* _WORK TO COMPLETE_: Your answer must be a word-for-word copy of the listing below, minus its pictures.

* _RECORDED DATA_:
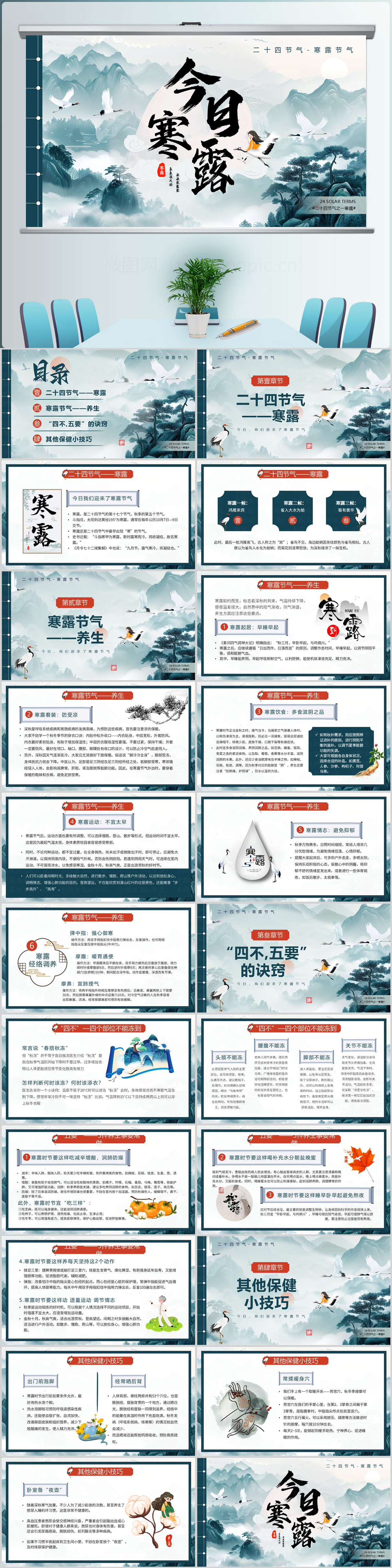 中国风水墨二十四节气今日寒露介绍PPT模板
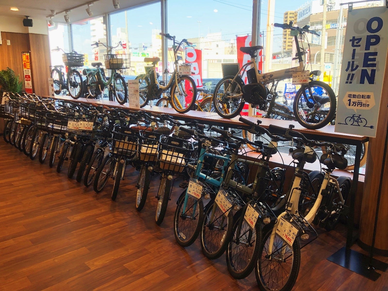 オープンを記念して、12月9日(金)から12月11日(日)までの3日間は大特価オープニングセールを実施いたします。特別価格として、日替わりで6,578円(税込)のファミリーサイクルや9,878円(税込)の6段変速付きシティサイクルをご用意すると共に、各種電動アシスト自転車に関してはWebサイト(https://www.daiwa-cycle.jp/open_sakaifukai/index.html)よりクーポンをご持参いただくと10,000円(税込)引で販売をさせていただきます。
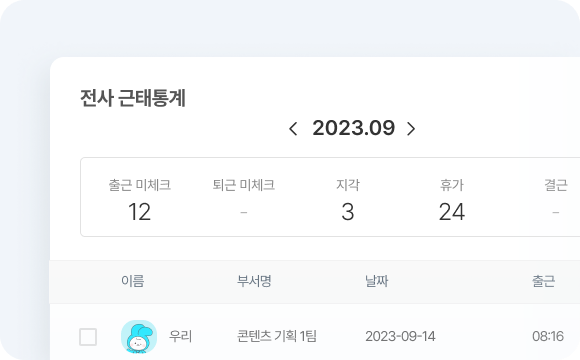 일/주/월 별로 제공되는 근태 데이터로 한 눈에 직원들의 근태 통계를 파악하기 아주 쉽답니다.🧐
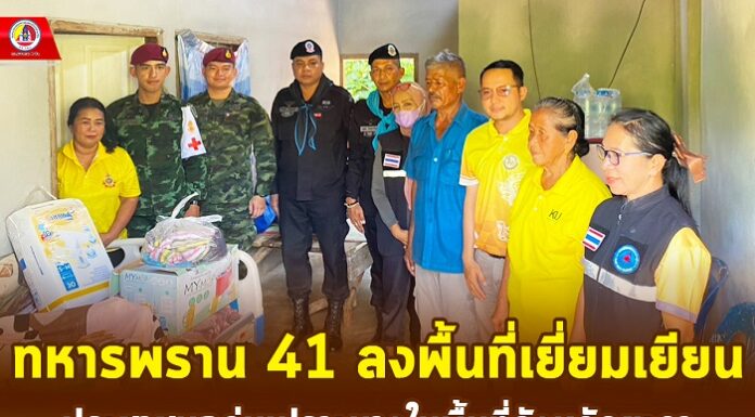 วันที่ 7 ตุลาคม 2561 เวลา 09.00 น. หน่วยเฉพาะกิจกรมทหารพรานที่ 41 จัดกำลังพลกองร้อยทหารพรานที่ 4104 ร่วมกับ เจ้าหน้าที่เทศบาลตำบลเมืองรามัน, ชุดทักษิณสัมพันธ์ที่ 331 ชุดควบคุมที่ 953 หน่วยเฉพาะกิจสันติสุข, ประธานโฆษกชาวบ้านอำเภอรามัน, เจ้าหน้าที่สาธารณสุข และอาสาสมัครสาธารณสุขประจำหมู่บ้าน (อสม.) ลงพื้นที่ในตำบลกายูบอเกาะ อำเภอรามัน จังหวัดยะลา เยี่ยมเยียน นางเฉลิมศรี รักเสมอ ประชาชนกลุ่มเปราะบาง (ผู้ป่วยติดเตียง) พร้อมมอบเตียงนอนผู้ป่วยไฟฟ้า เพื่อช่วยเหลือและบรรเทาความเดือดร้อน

* _RESPONSE BELOW_:
 中国风水墨二十四节气今日寒露介绍PPT模板
 オープンを記念して、12月9日(金)から12月11日(日)までの3日間は大特価オープニングセールを実施いたします。特別価格として、日替わりで6,578円(税込)のファミリーサイクルや9,878円(税込)の6段変速付きシティサイクルをご用意すると共に、各種電動アシスト自転車に関してはWebサイト(https://www.daiwa-cycle.jp/open_sakaifukai/index.html)よりクーポンをご持参いただくと10,000円(税込)引で販売をさせていただきます。
 일/주/월 별로 제공되는 근태 데이터로 한 눈에 직원들의 근태 통계를 파악하기 아주 쉽답니다.🧐
 วันที่ 7 ตุลาคม 2561 เวลา 09.00 น. หน่วยเฉพาะกิจกรมทหารพรานที่ 41 จัดกำลังพลกองร้อยทหารพรานที่ 4104 ร่วมกับ เจ้าหน้าที่เทศบาลตำบลเมืองรามัน, ชุดทักษิณสัมพันธ์ที่ 331 ชุดควบคุมที่ 953 หน่วยเฉพาะกิจสันติสุข, ประธานโฆษกชาวบ้านอำเภอรามัน, เจ้าหน้าที่สาธารณสุข และอาสาสมัครสาธารณสุขประจำหมู่บ้าน (อสม.) ลงพื้นที่ในตำบลกายูบอเกาะ อำเภอรามัน จังหวัดยะลา เยี่ยมเยียน นางเฉลิมศรี รักเสมอ ประชาชนกลุ่มเปราะบาง (ผู้ป่วยติดเตียง) พร้อมมอบเตียงนอนผู้ป่วยไฟฟ้า เพื่อช่วยเหลือและบรรเทาความเดือดร้อน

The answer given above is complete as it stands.